Lenovo has today finalized the $2.91 billion deal for acquiring Motorola from Google. Lenovo’s acquisition which was announced back in January comes just three years after Google had acquired Motorola Mobility. This is a good move for both Google and Lenovo, although it may not be a good move for consumers.
Motorola is now a part of Lenovo family. Lenovo’s acquisition opens a new chapter for iconic brand Motorola, which never made Google any money. The Motorola brand will remain headquartered in Chicago with branches worldwide, so little will change at the company which is now a Lenovo subsidiary. Motorola President Rick Osterloh will continue his service following the deal, with Liu Jun, the head of Lenovo’s mobile business becoming chairman of the Motorola board.
Writing on Motorola’s company blog, Osterloh made a point of explaining that both the Moto and Droid family devices will also continue as normal, but the company will focus on “pure Android” and release quicker upgrades for consumers.

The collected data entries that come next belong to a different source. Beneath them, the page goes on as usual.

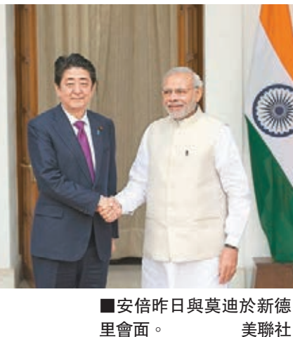
安倍昨日與莫迪於新德里會面。
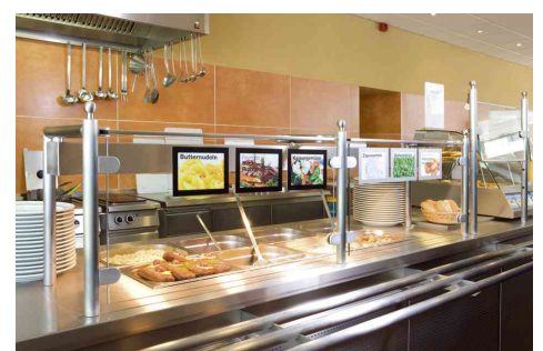
Exemple d'utilisation: pour les cartes de menus
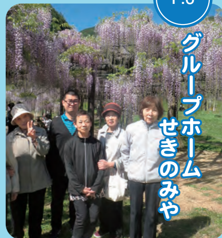
グループホーム せきのみや
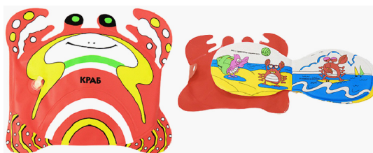
Рисунок 5. Книжки из полиэтилена для купания
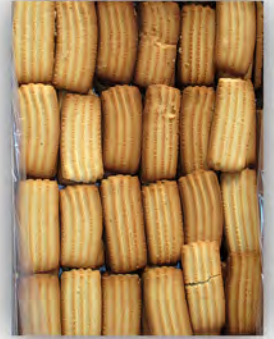
Galletas de vainilla ref: 1227
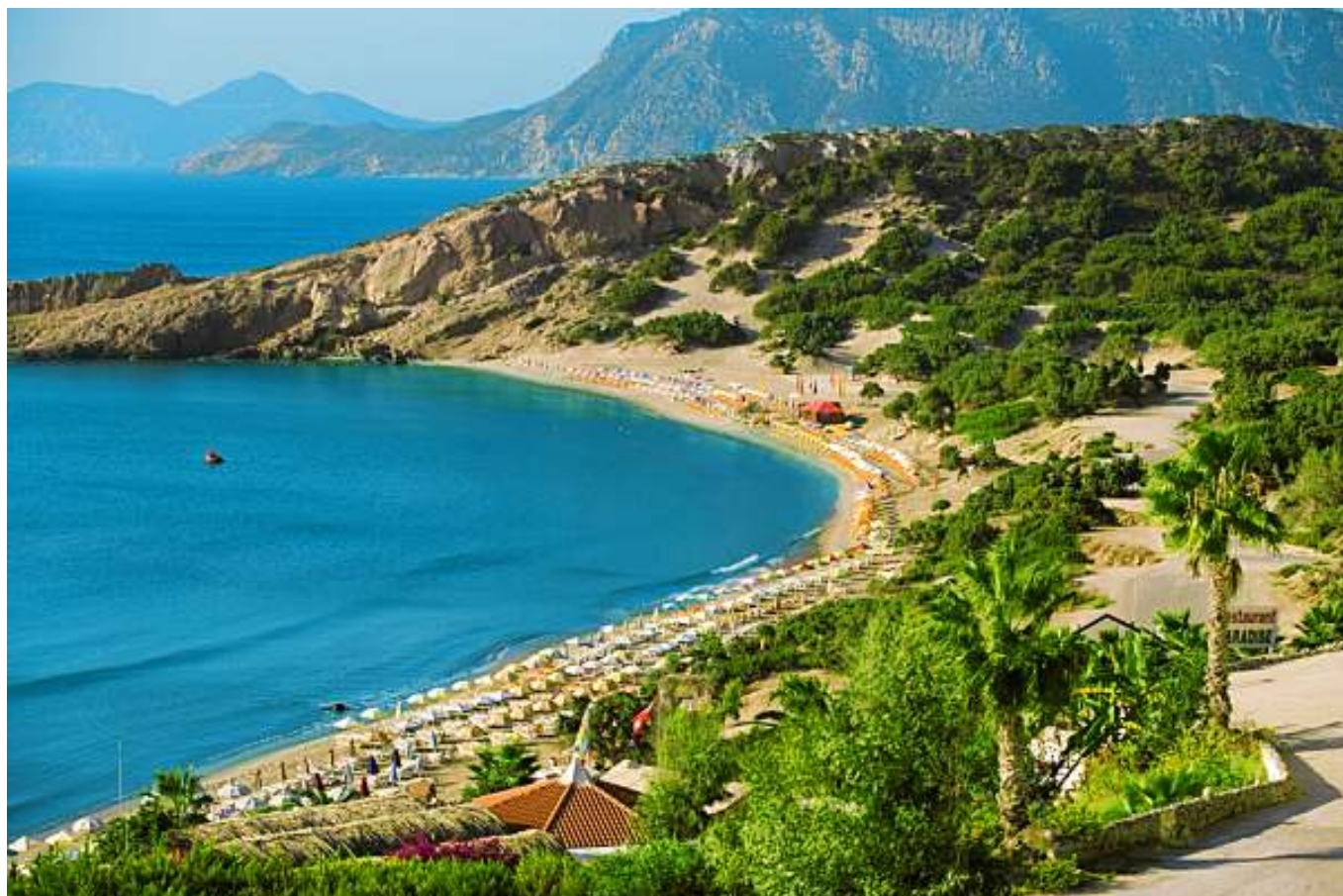
Paradise Beach na ostrově Kós, Řecko.
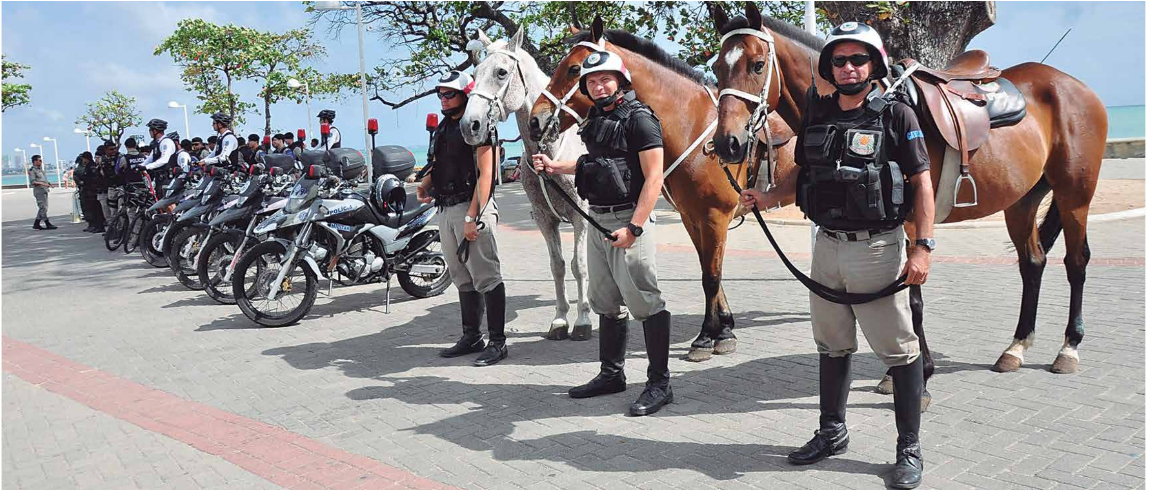
Polícias Militar, Civil e Corpo de Bombeiros iniciam Operação Réveillon com 3,5 mil homens, para garantir segurança no final de ano PÁGINA 13
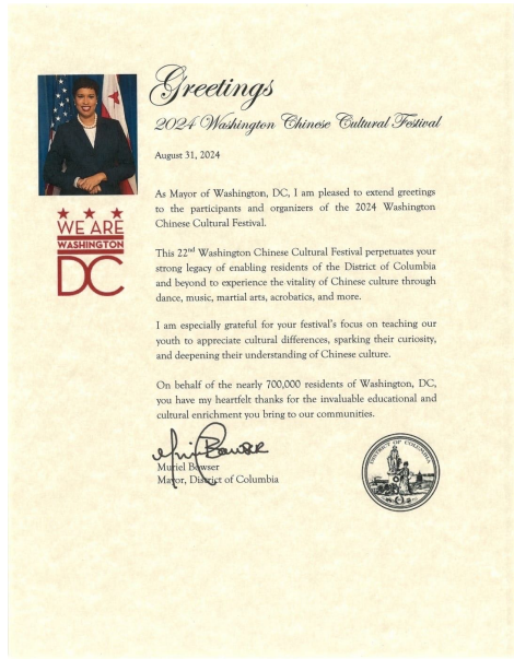
华盛顿哥伦比亚特区市长 Mayor Muriel Bowser 的贺信
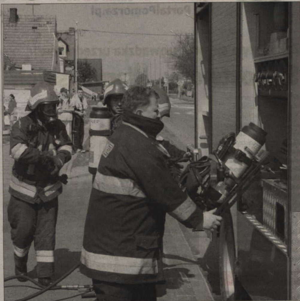
Strażacy coraz częściej wyjeżdżają do pożarów, które wybuchają w osiedlowych śmietnikach.

Skrzydła drzwi, stanowiących wyjście na drogę ewakuacyjną, nie mogą, po ich całkowitym otwarciu, zmniejszać wymaganej szerokości drogi ewakuacyjnej. (jk)
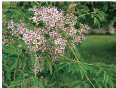
センダン (嘔吐、 神経症状、 死亡)
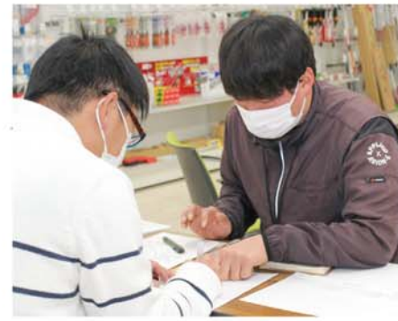
受付を行う営農経済担当職員

この事業は、肥料価格の高騰による農業経営への影響を緩和しようとして、国が肥料費の一部を支援するもの。支援を受けるためには、販売実績があり、化学肥料使用量の2割低減に取り組むことが必要で、今期は肥料費から14・4%の支援金を受けられる。
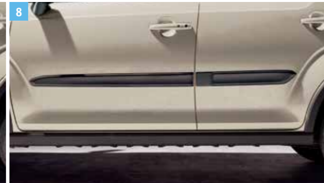
8 | OLDALSÓ DÍSZLÉC, KICSI

Fekete/ezüst, jobb és bal oldali részből álló szett. Cikkszám: 990E0-62R07-000
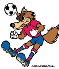
セレッソ大阪 チームキャラクター 「ロビー」

舞洲プロジェクトが開催するサッカースクールの参加者を募集。セレッソ大阪のホームスタジアムでスクールコーチによる実技指導を受けられます。対象は市内在住の小学生。定員150人。 問 6/26(日) 13:45～15:15 場 ヨドコウ桜スタジアム 料 参加料:2,000円(セレッソ大阪当日試合観戦ペアチケット付き) 問 6/15までにホームページで。 問 経済戦略局スポーツ課 ☎6469-3882 FAX6469-3898
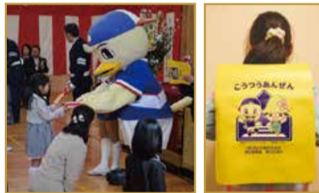
プレゼントの様子 ランドセルカバー

今年のランドセルカバーはカラーになったよ。皆さんも、交通ルールを守って、楽しい学校生活を送りましょう。
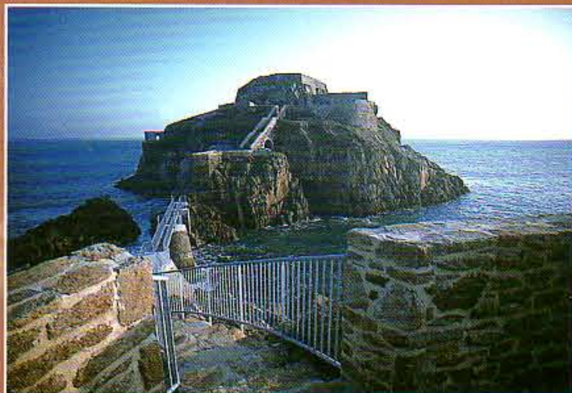
Le Fort de Bertheaume

Google had acquired Motorola for $12.5 billion three years ago, but it said at the time that it was mainly interested in the company’s portfolio. Now, Google is selling Motorola, which has been losing hundreds of millions since the purchase.
Although Lenovo ranks among the world’s top five smartphone makers, its market share in the U.S., is zero. Motorola which has a strong relationship with telecommunication carriers can help fend off patent lawsuits. Motorola will have good times with Lenovo, which specializes in ThinkPad line of PCs and Yoga line of tablet-PC convertibles.